§ **WORK TO COMPLETE**:
Could you copy every entry exactly, dropping the pictures?

(Saved data entries)
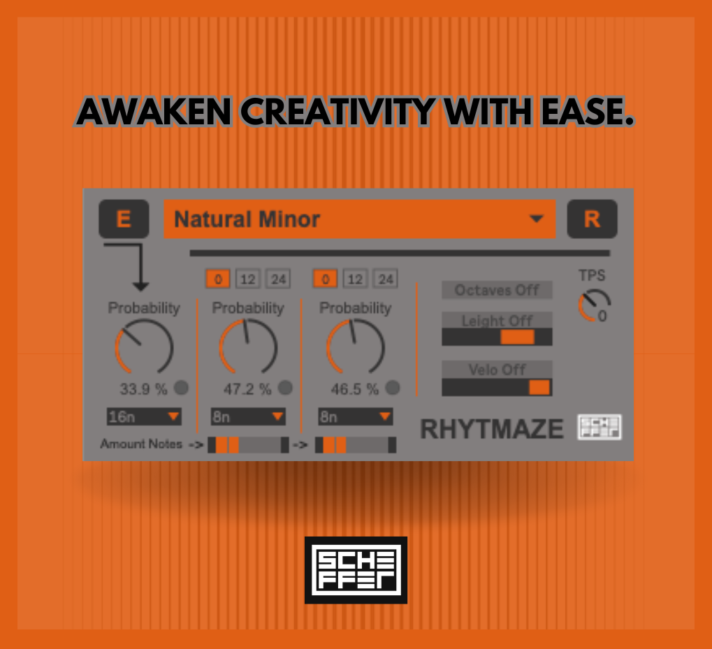 | Description: | https://youtu.be/TqlZd5Rjsvg?si=D96VJu07BV0RjLWi Introducing Rhytmaze, a Max for Live plugin that opens up a world of rhythmic possibilities. With advanced features, you can: - Generate Notes with Probability: Create fundamental notes with different pulses to add dynamism to your compositions. - Parallel Probability 1 and 2: Generate notes according to the chosen scale, adjusting even the octave for more versatility. - 21 Available Scales: Choose from 21 scales to customize the tone of your music. - Note Randomization: Experiment with controlled variations in notes, size, and velocity. - Global Transposition: Easily change the entire composition for global adjustments. - Adjustment of Note Quantity: Control the number of notes in sequences. - Parameter Sending: Manage multiple instances of Rhytmaze on different channels with ease. Unlock the rhythmic potential of your music with Rhytmaze, where probability and creativity come together in the Max for Live universe. |
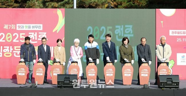 ‘맛과 멋을 버무린, 2025 전주김장문화축제’를 슬로건으로 진행되는 이번 행사는 맛과 멋의 고장 전주의 김장 문화 홍보 및 지역에서 생산된 안전한 농산물을 알리기 위해 마련된 것으로, 참여 가족에게는 전주 지역에서 생산되고 안전성을 인증받은 지역농산물을 이용해 만든 절임 배추와 양념 재료가 제공됐다.
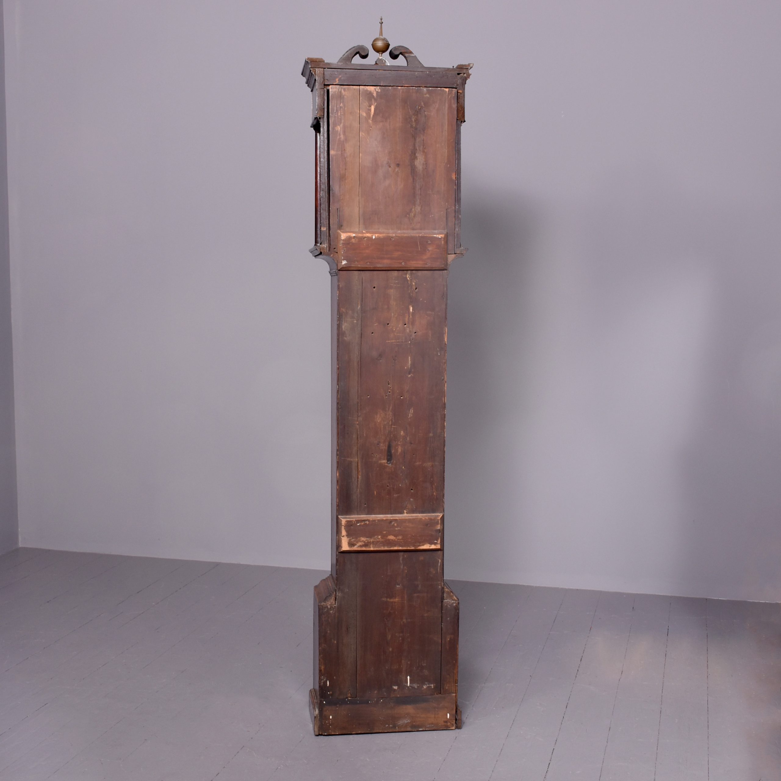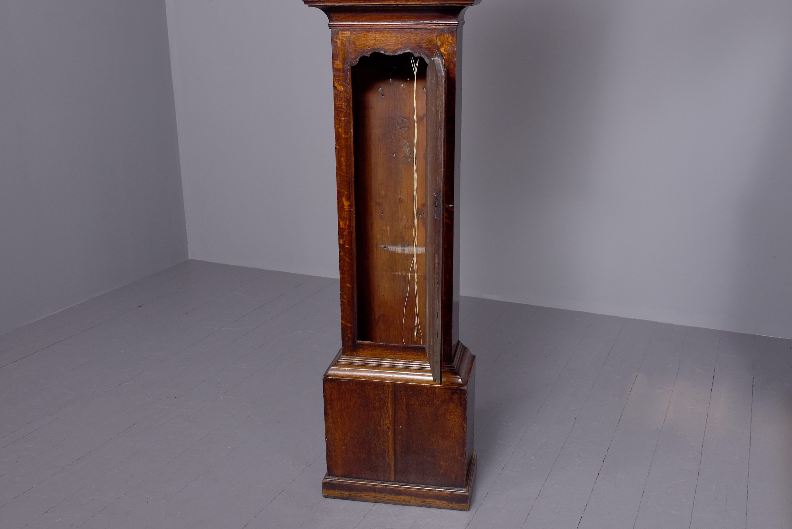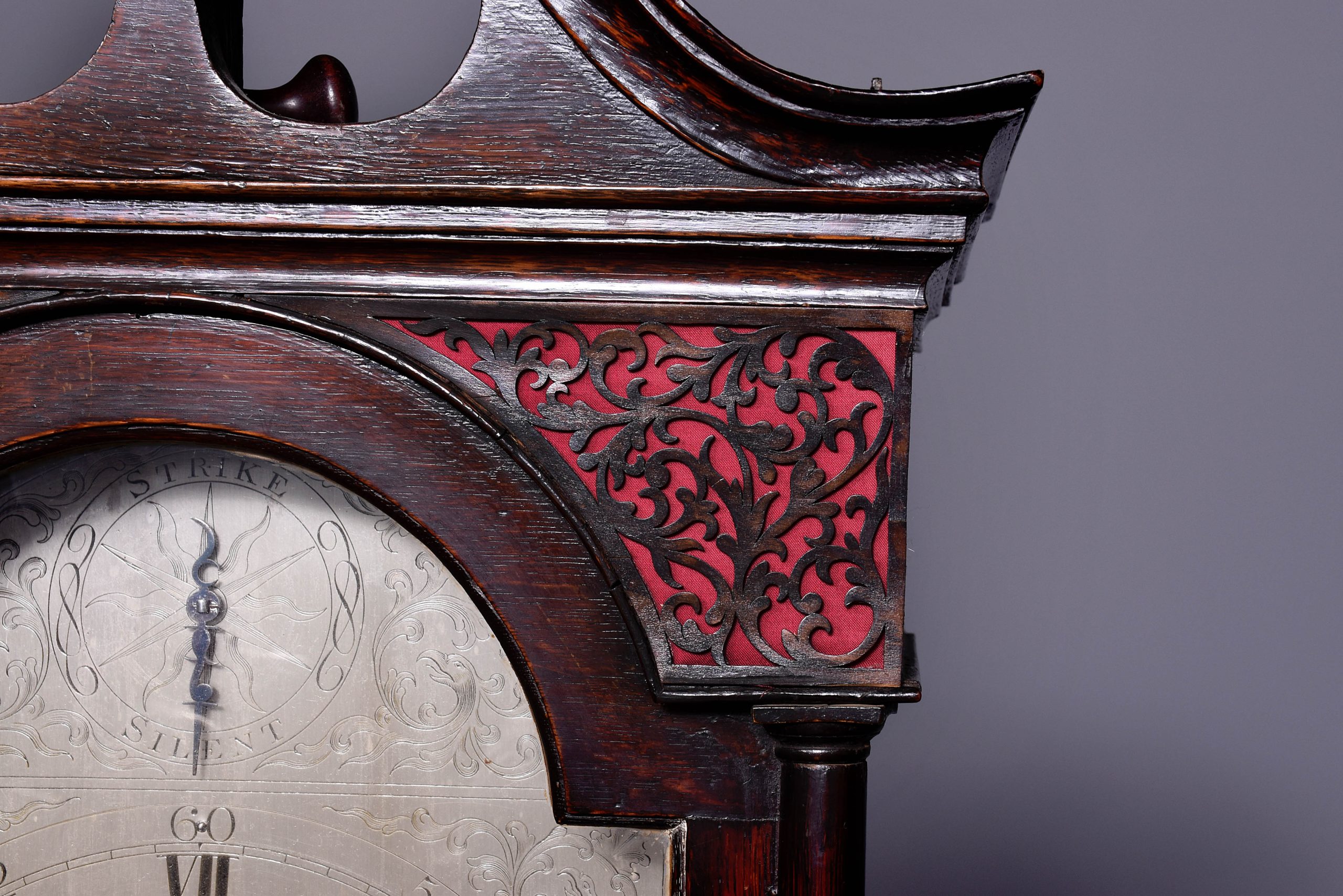 Circa 1790. A late George III oak cased Grandfather clock ‘Alex Dickie of Edinburgh’.(Alexander Richie active from 1762-1808), the classic horned top, centered by a cast bell with a spire above it, the front with an arched door with pierced fretwork and sound boards each side, silvered dial with Arabic and Roman numerals, pierced hands a date calendar, The door of the hood is flanked by a pair of circular columns, the base with a full-length arched door, the base with a simple with moulding, resting on an enclosed plinth. The price includes a full service and a guarantee.
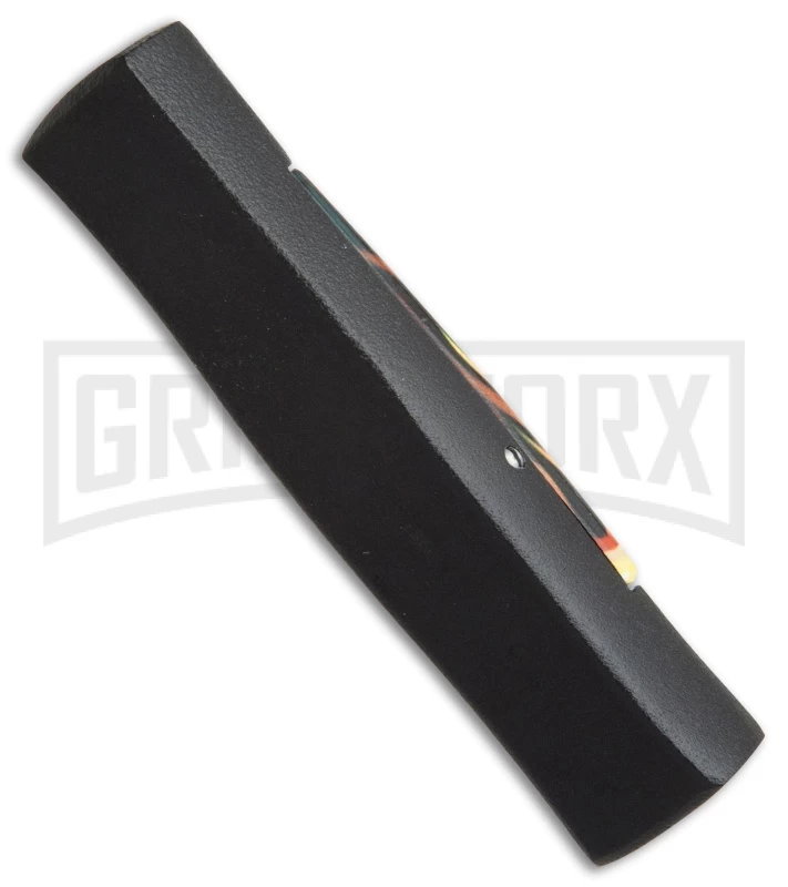 This Minion has a black finished, flat ground, spear point blade. The aluminum handle is black with a flame acrylic insert.
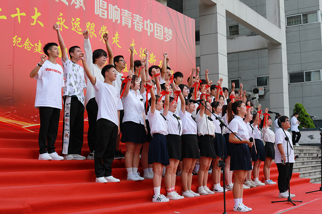 对党忠诚、奋发有为、昂扬向上的精神永存心中!活动在两位主持人的开场白下拉开了帷幕,首先是来自建工学院的同学们为大家演唱的歌曲《不忘初心》。接着一首又一首的经典红歌响彻广场,歌声中抒发的革命激情,如排山倒海般的涌来,新时代的大学生在歌声中接受洗礼。同时,舞台上各院系不同风格的演出服异彩纷呈,歌唱时气势如虹、动作协调互相配合,体现了良好的团队合作精神。最后,活动在《我和我的祖国》高亢的歌声中结束。
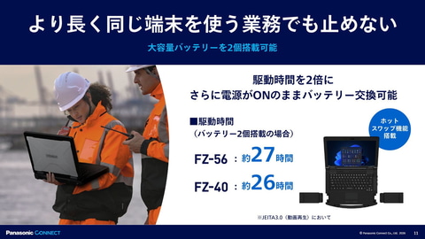 マイナス10℃~50℃までの広範な動作温度に対応しているほか、大容量バッテリーで約13時間の稼働時間を持ち、セカンドバッテリー装着時には、最大約26時間の利用が可能だ。FZ-56と同様にホットスワップにも対応している。
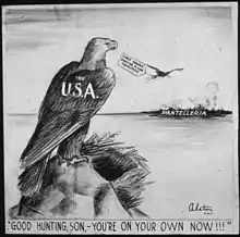 The 99th was finally considered ready for combat duty by April 1943. It shipped out of Tuskegee on 2 April, bound for North Africa, where it joined the 33rd Fighter Group and its commander, Colonel William W. Momyer. Given little guidance from battle-experienced pilots, the 99th's first combat mission was to attack the small strategic volcanic island of Pantelleria, code name Operation Corkscrew, in the Mediterranean Sea to clear the sea lanes for the Allied invasion of Sicily in July 1943. The air assault on the island began 30 May 1943. The 99th flew its first combat mission on 2 June.[38] The surrender of the garrison of 11,121 Italians and 78 Germans[39] due to air attack was the first of its kind.[40]
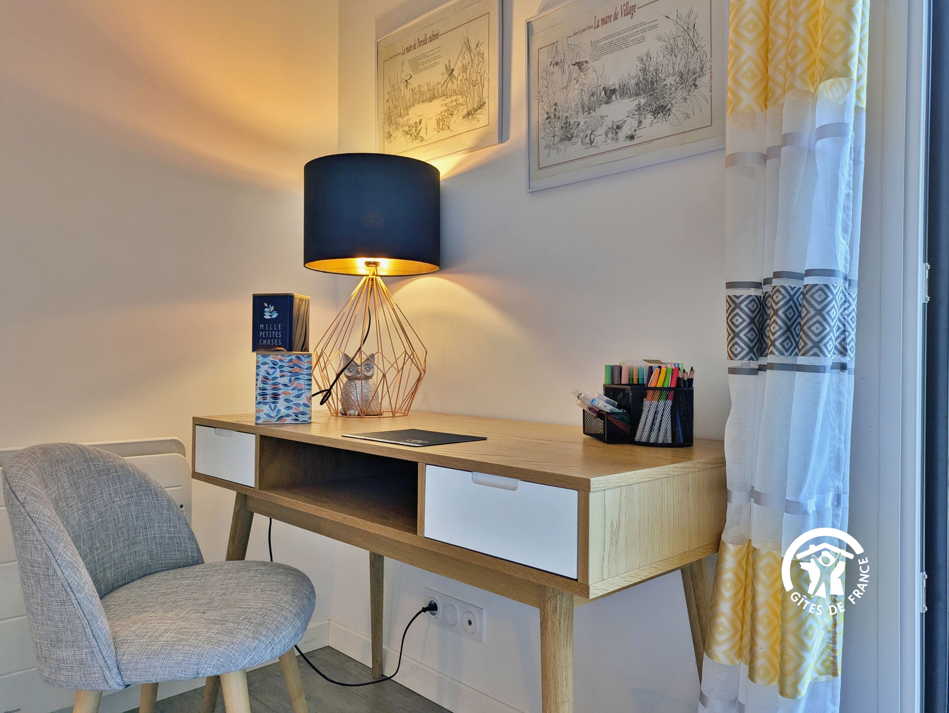 Durant la belle saison (de juin à septembre inclus), vous pourrez profiter du SPA. À l’extérieur, vous trouverez également divers jeux tels que le mikado géant, le Molkky, le jeu de palets, des raquettes et une balançoire. L’hébergement est joliment décoré sur le thème des chouettes. Le rez-de-chaussée est accessible aux personnes à mobilité réduite, avec des portes et des couloirs de plus de 93 cm de largeur.
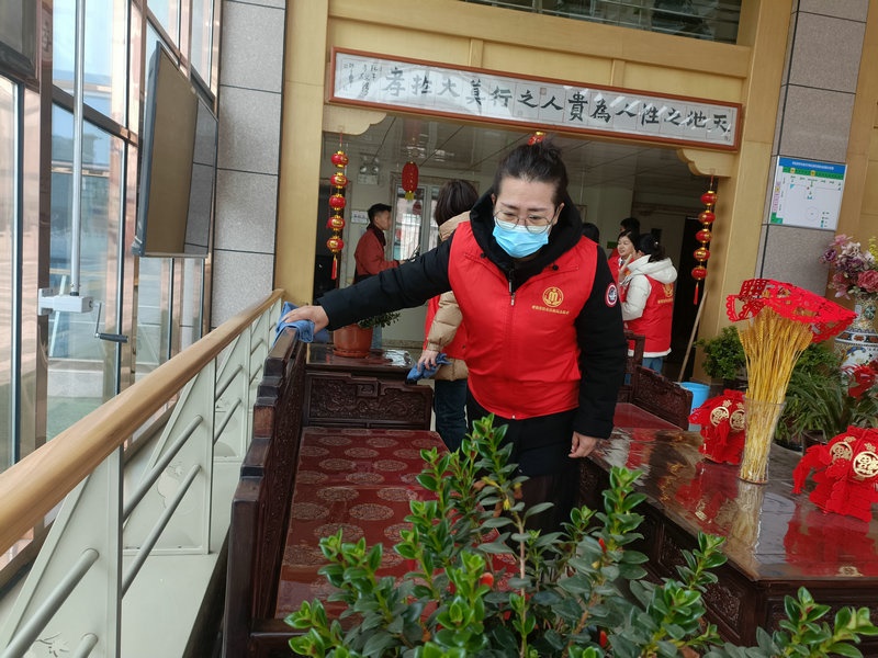 志愿者為敬老院義診、剪發(fā)、心理輔導(dǎo)、打掃房間等活動。

§ **REPLY**:
 | Description: | https://youtu.be/TqlZd5Rjsvg?si=D96VJu07BV0RjLWi Introducing Rhytmaze, a Max for Live plugin that opens up a world of rhythmic possibilities. With advanced features, you can: - Generate Notes with Probability: Create fundamental notes with different pulses to add dynamism to your compositions. - Parallel Probability 1 and 2: Generate notes according to the chosen scale, adjusting even the octave for more versatility. - 21 Available Scales: Choose from 21 scales to customize the tone of your music. - Note Randomization: Experiment with controlled variations in notes, size, and velocity. - Global Transposition: Easily change the entire composition for global adjustments. - Adjustment of Note Quantity: Control the number of notes in sequences. - Parameter Sending: Manage multiple instances of Rhytmaze on different channels with ease. Unlock the rhythmic potential of your music with Rhytmaze, where probability and creativity come together in the Max for Live universe. |
 ‘맛과 멋을 버무린, 2025 전주김장문화축제’를 슬로건으로 진행되는 이번 행사는 맛과 멋의 고장 전주의 김장 문화 홍보 및 지역에서 생산된 안전한 농산물을 알리기 위해 마련된 것으로, 참여 가족에게는 전주 지역에서 생산되고 안전성을 인증받은 지역농산물을 이용해 만든 절임 배추와 양념 재료가 제공됐다.
 Circa 1790. A late George III oak cased Grandfather clock ‘Alex Dickie of Edinburgh’.(Alexander Richie active from 1762-1808), the classic horned top, centered by a cast bell with a spire above it, the front with an arched door with pierced fretwork and sound boards each side, silvered dial with Arabic and Roman numerals, pierced hands a date calendar, The door of the hood is flanked by a pair of circular columns, the base with a full-length arched door, the base with a simple with moulding, resting on an enclosed plinth. The price includes a full service and a guarantee.
 This Minion has a black finished, flat ground, spear point blade. The aluminum handle is black with a flame acrylic insert.
 对党忠诚、奋发有为、昂扬向上的精神永存心中!活动在两位主持人的开场白下拉开了帷幕,首先是来自建工学院的同学们为大家演唱的歌曲《不忘初心》。接着一首又一首的经典红歌响彻广场,歌声中抒发的革命激情,如排山倒海般的涌来,新时代的大学生在歌声中接受洗礼。同时,舞台上各院系不同风格的演出服异彩纷呈,歌唱时气势如虹、动作协调互相配合,体现了良好的团队合作精神。最后,活动在《我和我的祖国》高亢的歌声中结束。
 マイナス10℃~50℃までの広範な動作温度に対応しているほか、大容量バッテリーで約13時間の稼働時間を持ち、セカンドバッテリー装着時には、最大約26時間の利用が可能だ。FZ-56と同様にホットスワップにも対応している。
 The 99th was finally considered ready for combat duty by April 1943. It shipped out of Tuskegee on 2 April, bound for North Africa, where it joined the 33rd Fighter Group and its commander, Colonel William W. Momyer. Given little guidance from battle-experienced pilots, the 99th's first combat mission was to attack the small strategic volcanic island of Pantelleria, code name Operation Corkscrew, in the Mediterranean Sea to clear the sea lanes for the Allied invasion of Sicily in July 1943. The air assault on the island began 30 May 1943. The 99th flew its first combat mission on 2 June.[38] The surrender of the garrison of 11,121 Italians and 78 Germans[39] due to air attack was the first of its kind.[40]
 Durant la belle saison (de juin à septembre inclus), vous pourrez profiter du SPA. À l’extérieur, vous trouverez également divers jeux tels que le mikado géant, le Molkky, le jeu de palets, des raquettes et une balançoire. L’hébergement est joliment décoré sur le thème des chouettes. Le rez-de-chaussée est accessible aux personnes à mobilité réduite, avec des portes et des couloirs de plus de 93 cm de largeur.
 志愿者為敬老院義診、剪發(fā)、心理輔導(dǎo)、打掃房間等活動。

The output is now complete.